Application to a commercial extra-virgin olive oil sample revealed the presence of endosulfan sulfate (23.1 ng/mL) and endosulfan I (7.1 ng/mL). Overlaid chromatograms on both columns confirmed these residues by matching retention patterns between spiked standards and the native sample.

Benefits and Practical Application

The combined single-injection, dual-column GC-µECD approach offers:

• Time and resource savings compared to separate screening and confirmatory runs.
• Low-cost instrumentation relative to mass spectrometry alternatives.
• High throughput suitable for routine quality control laboratories.

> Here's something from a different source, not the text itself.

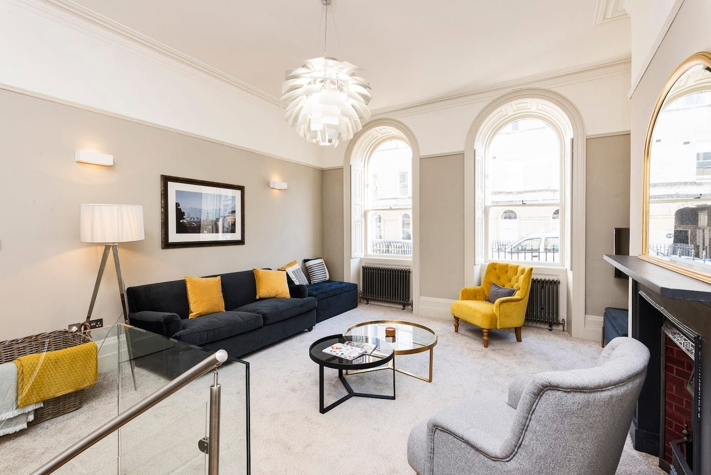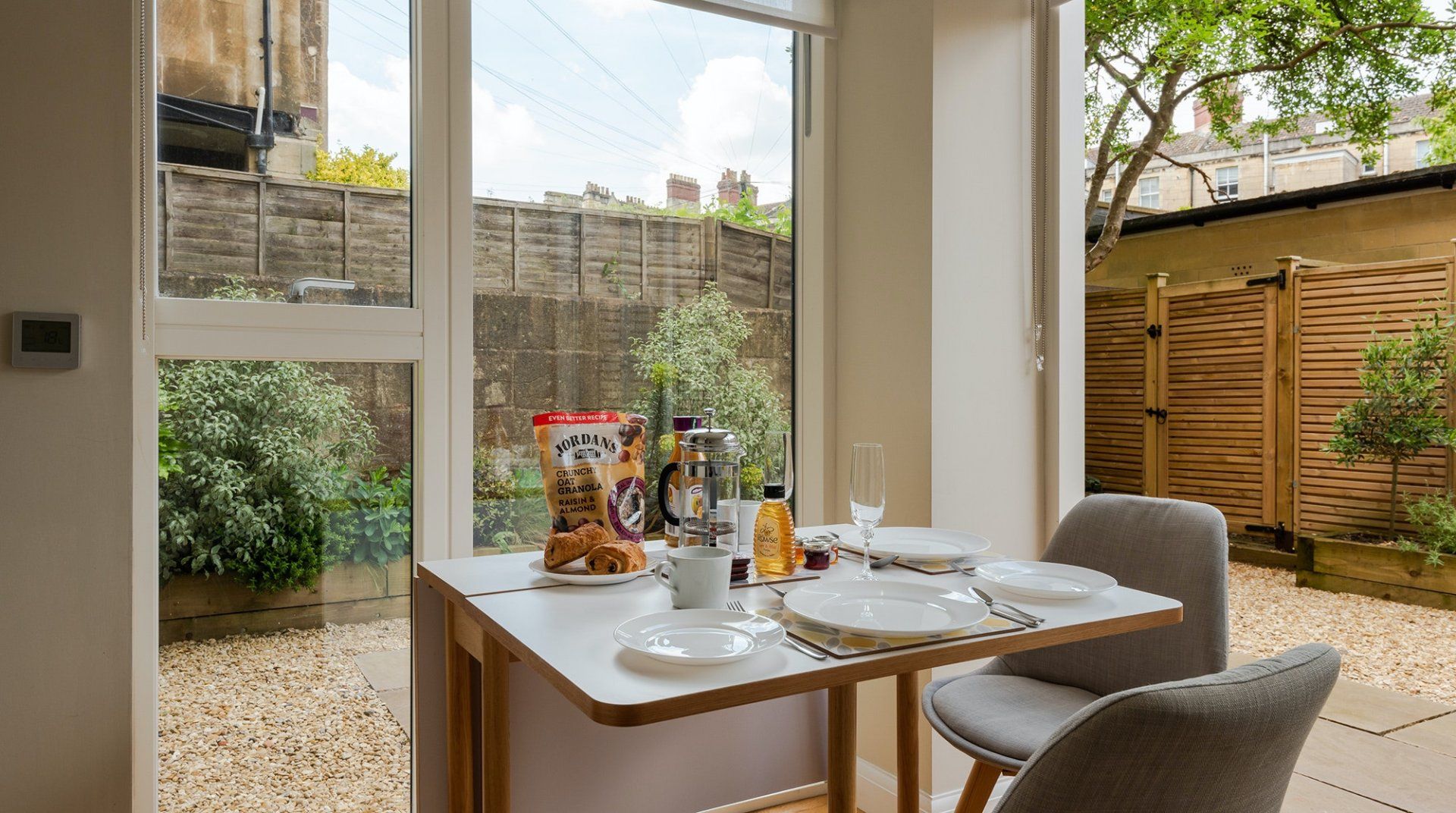 While this beautiful garden apartment is right in the middle of the city, you wouldn’t know it. Wonderfully peaceful thanks to its private entrance away from the main street and its proximity to Henrietta Park (a one-minute walk), there’s a calm serenity to this boutique Georgian home. You can tell that it’s been worked on by an award-winning architectural firm and that your hosts, Silvia and Sohrab, have created something truly special here – the upstairs living area is full of original features (like the fireplace and arched windows) while the decor is contemporary and chic. Make yourself comfortable on the sofa as you people-watch with a glass of wine, or catch up on work at the cosy desk space – better yet, peruse the tourist leaflets provided and plan the next day’s activities. Descend the bespoke Italian staircase and you’ll find yourself in the sleek kitchen where your hosts have provided a continental breakfast. Enjoy your pastries and cereal in the glass-framed dining room or outside in the private garden while you catch some rays. When it comes to relaxation, your hosts have gone above and beyond by dressing the luxury beds in Egyptian cotton sheets (there’s even a pillow selection between soft or medium-firm) and they’re more than happy to arrange a spa day for you at the nearby five-star hotel. When you’re not soaking up the refined atmosphere of your classy pad, go out and explore your surroundings. Cross Pulteney Bridge over the Avon (a three-minute walk), see where Vanity Fair was filmed at Laura Place Fountain (a two-minute walk) visit Bath Abbey (a seven-minute walk) and stroll around the Royal Crescent (a fifteen-minute walk). Factor in the countless restaurants and shops on your front step and you’ve got everything you need for a blissful Bath stay.

Future Trends and Potential Uses

Potential extensions include:

• Adaptation to other high-lipid matrices (e.g., nuts, seeds, fatty fish).
• Integration with alternative detectors (e.g., GC-MS/MS) to broaden analyte scope.
• Automation of the QuEChERS/dSPE workflow to further increase throughput.

Conclusion

This study demonstrates a cost-effective, high-sensitivity method for simultaneous screening and confirmation of 20 pesticide residues in olive oil. The QuEChERS/dSPE cleanup paired with dual-column GC-µECD detection delivers robust performance, making it a practical alternative for routine monitoring and regulatory compliance.

References

1. E. Amvrazi and T. Albanis, Food Chemistry 113 (2009) 253–261.
2. E. Amvrazi and T. Albanis, J. Agric. Food Chem. 54 (2006) 9642–9647.
3. J. Garcia-Reyes et al., Trends Anal. Chem. 26 (2007) 239–251.
4. S. Cunha et al., J. Sep. Sci. 30 (2007) 620–632.
5. D. Smith and K. Lynam, Agilent Technologies 5990-4351EN (2009).
6. C. George, Agilent Technologies 5988-4971EN (2001).